[[ Given data open ]]
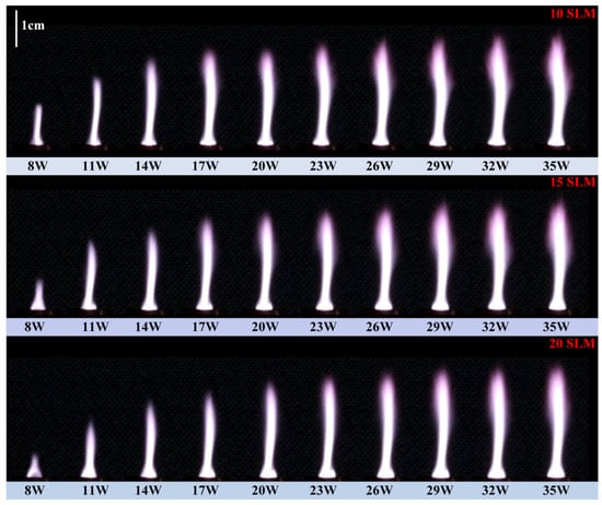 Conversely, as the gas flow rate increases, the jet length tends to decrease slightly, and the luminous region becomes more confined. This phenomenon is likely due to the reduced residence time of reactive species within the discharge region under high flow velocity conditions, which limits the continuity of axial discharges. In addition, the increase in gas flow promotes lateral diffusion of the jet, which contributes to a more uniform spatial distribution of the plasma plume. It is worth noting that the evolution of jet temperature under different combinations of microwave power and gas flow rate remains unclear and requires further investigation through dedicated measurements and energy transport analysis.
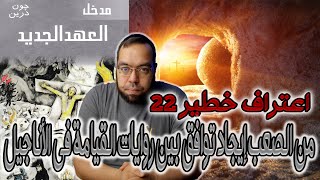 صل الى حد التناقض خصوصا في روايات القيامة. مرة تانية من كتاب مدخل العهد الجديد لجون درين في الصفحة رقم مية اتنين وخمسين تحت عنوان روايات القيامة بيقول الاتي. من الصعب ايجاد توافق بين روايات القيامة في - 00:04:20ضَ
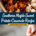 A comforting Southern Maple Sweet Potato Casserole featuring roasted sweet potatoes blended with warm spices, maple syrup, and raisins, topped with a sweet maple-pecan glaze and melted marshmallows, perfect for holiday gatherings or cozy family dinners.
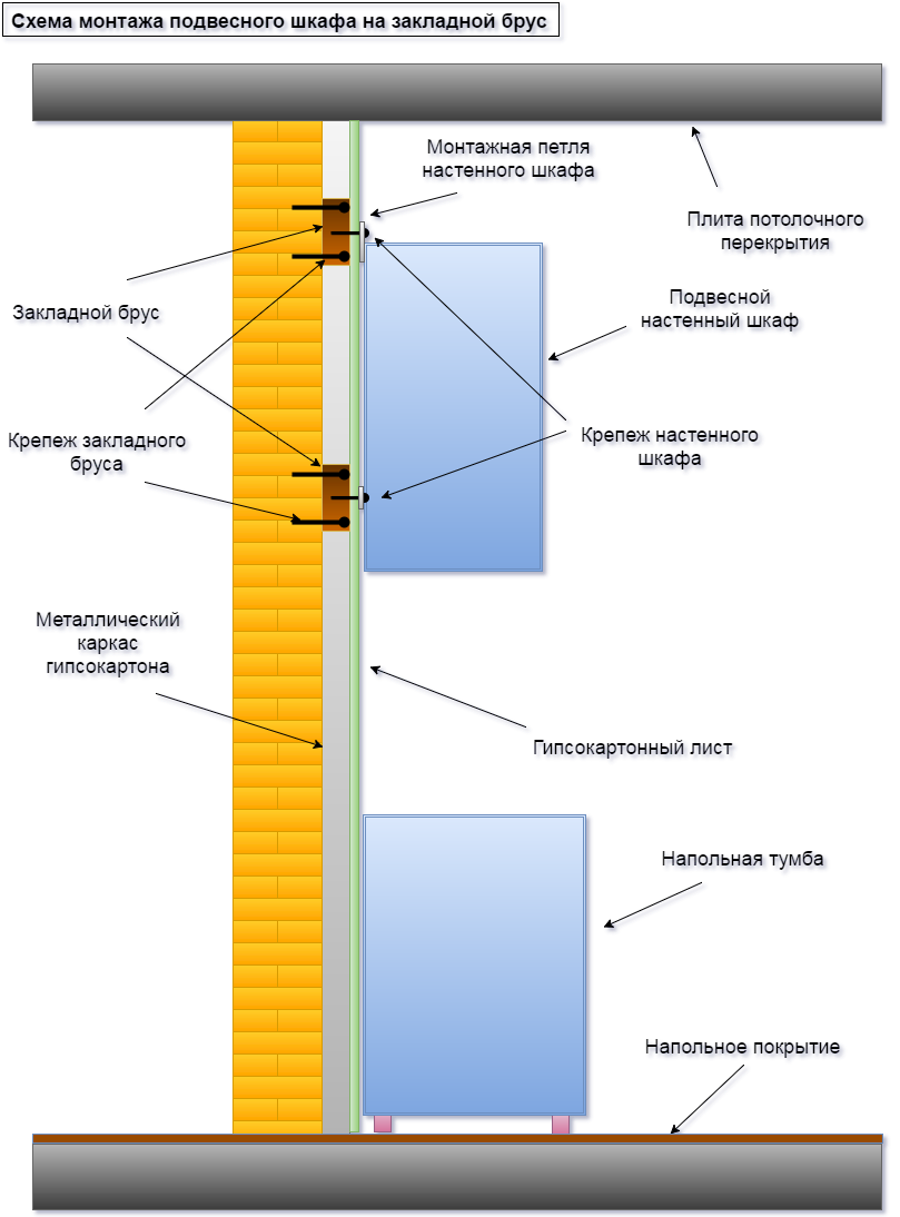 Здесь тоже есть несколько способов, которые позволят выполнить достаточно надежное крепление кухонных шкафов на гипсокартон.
[[ Given data closed ]]
**Prompt:**
Set down exactly the lines between the one with "صل الى حد التناقض" and the last line of the material above, both included, but none of the pictures.

**Task response:**
 صل الى حد التناقض خصوصا في روايات القيامة. مرة تانية من كتاب مدخل العهد الجديد لجون درين في الصفحة رقم مية اتنين وخمسين تحت عنوان روايات القيامة بيقول الاتي. من الصعب ايجاد توافق بين روايات القيامة في - 00:04:20ضَ
 A comforting Southern Maple Sweet Potato Casserole featuring roasted sweet potatoes blended with warm spices, maple syrup, and raisins, topped with a sweet maple-pecan glaze and melted marshmallows, perfect for holiday gatherings or cozy family dinners.
 Здесь тоже есть несколько способов, которые позволят выполнить достаточно надежное крепление кухонных шкафов на гипсокартон.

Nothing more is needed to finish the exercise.